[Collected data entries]
++++
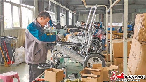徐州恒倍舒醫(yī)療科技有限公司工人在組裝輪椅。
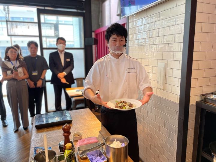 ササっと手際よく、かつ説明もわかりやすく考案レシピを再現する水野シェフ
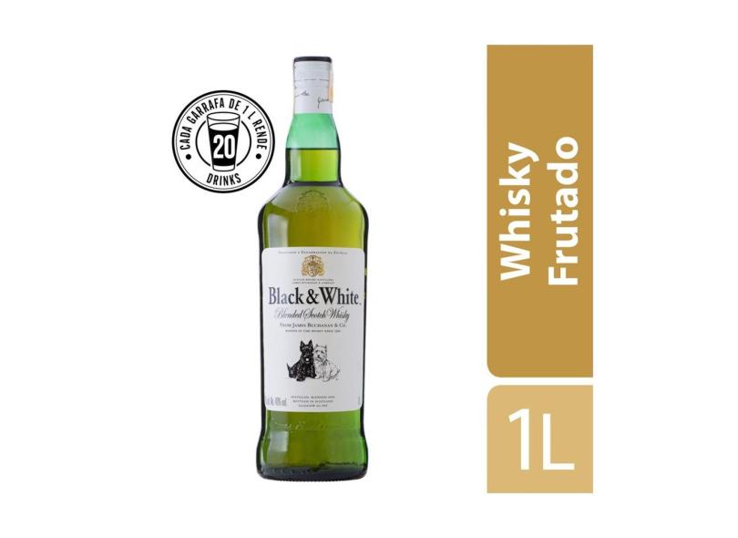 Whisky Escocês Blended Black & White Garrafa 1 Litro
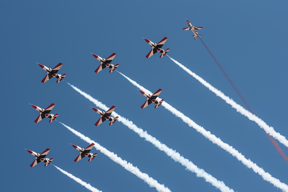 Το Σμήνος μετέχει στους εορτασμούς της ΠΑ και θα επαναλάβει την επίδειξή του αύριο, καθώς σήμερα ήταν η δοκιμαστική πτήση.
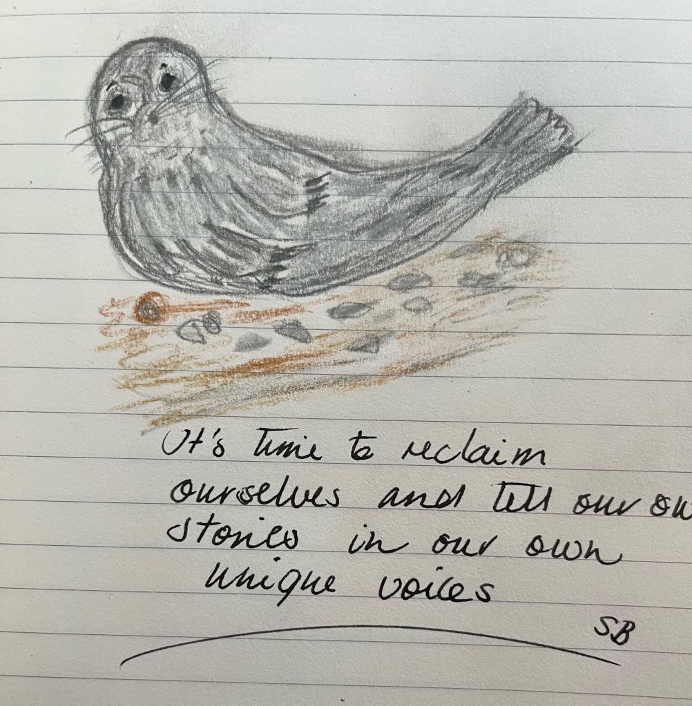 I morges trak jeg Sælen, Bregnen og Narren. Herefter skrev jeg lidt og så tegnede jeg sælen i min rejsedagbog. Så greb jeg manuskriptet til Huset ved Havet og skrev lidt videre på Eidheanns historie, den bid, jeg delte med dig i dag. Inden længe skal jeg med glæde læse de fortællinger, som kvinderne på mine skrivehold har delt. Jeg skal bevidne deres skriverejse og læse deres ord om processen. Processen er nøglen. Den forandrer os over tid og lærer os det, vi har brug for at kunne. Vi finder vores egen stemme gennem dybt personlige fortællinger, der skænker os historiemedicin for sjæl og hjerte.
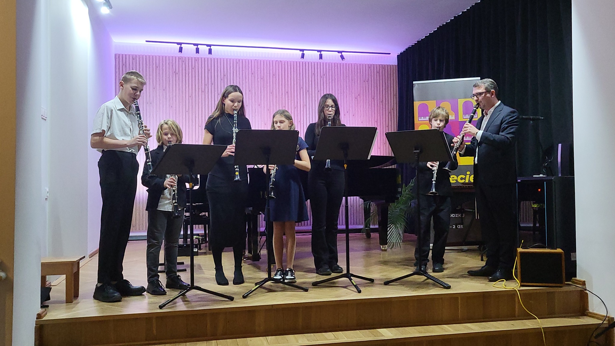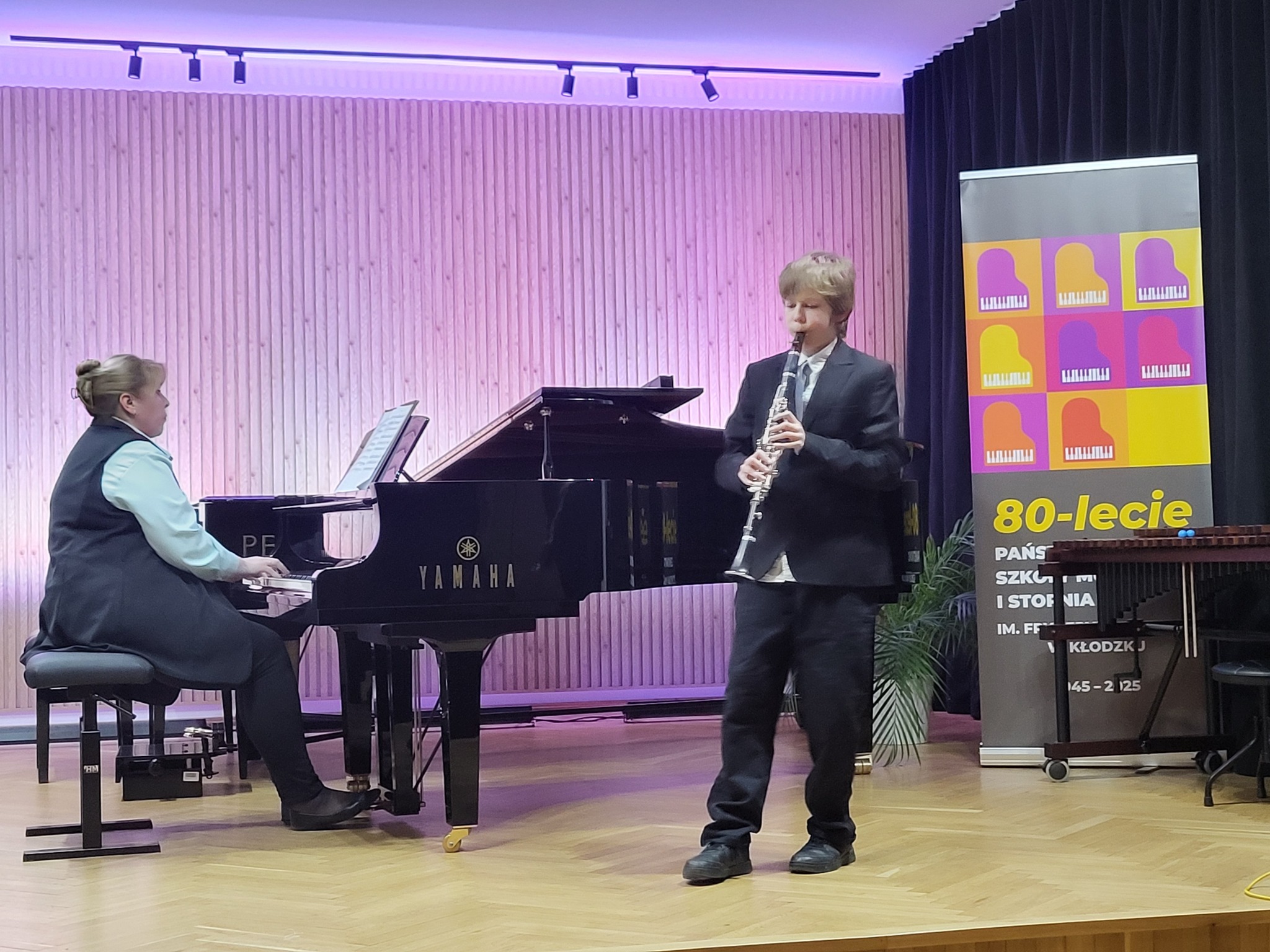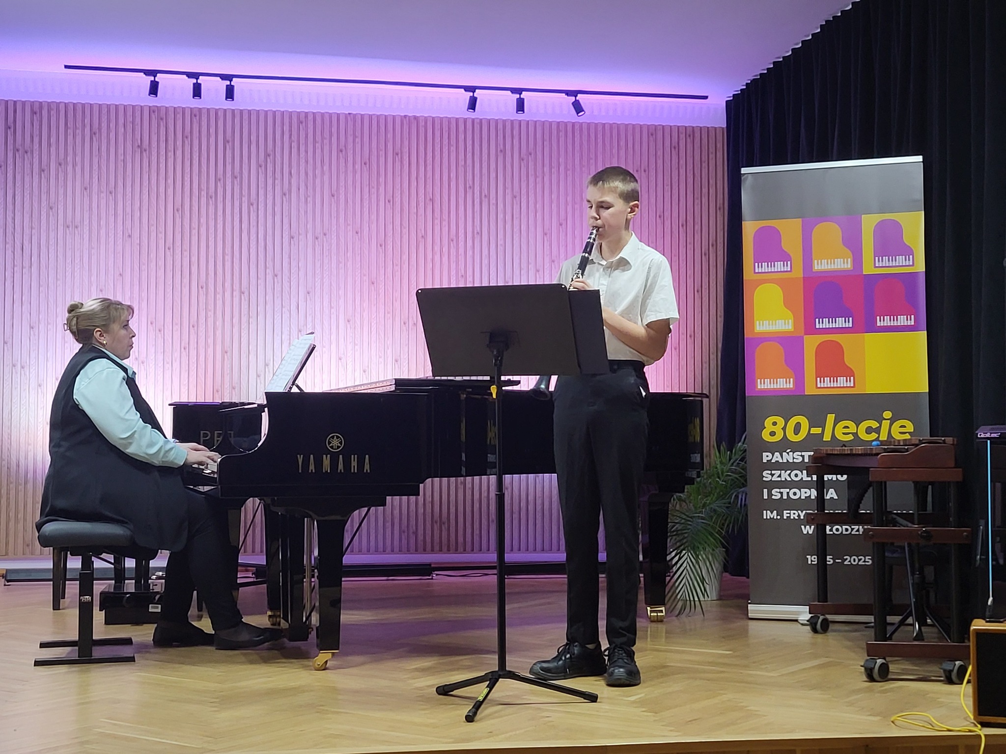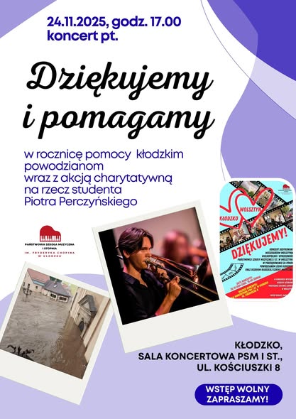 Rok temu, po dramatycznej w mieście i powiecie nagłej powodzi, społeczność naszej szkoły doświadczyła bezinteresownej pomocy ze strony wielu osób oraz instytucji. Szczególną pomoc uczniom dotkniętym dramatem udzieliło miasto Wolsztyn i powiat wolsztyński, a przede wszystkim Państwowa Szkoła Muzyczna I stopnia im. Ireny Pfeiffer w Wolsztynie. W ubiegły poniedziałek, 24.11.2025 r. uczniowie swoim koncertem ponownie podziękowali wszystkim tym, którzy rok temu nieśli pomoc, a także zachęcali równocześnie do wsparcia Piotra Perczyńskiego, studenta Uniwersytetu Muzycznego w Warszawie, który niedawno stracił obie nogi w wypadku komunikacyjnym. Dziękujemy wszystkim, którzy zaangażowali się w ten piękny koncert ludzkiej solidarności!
++++
● Task statement: Repeat exactly the lines above, from the line that contains "ササっと手際よく、かつ説明もわかりやすく考案レシピを再現する水野シェフ" down through the line that contains "Το Σμήνος μετέχει". Include both of those lines and none of the pictures.

● Exercise result:
 ササっと手際よく、かつ説明もわかりやすく考案レシピを再現する水野シェフ
 Whisky Escocês Blended Black & White Garrafa 1 Litro
 Το Σμήνος μετέχει στους εορτασμούς της ΠΑ και θα επαναλάβει την επίδειξή του αύριο, καθώς σήμερα ήταν η δοκιμαστική πτήση.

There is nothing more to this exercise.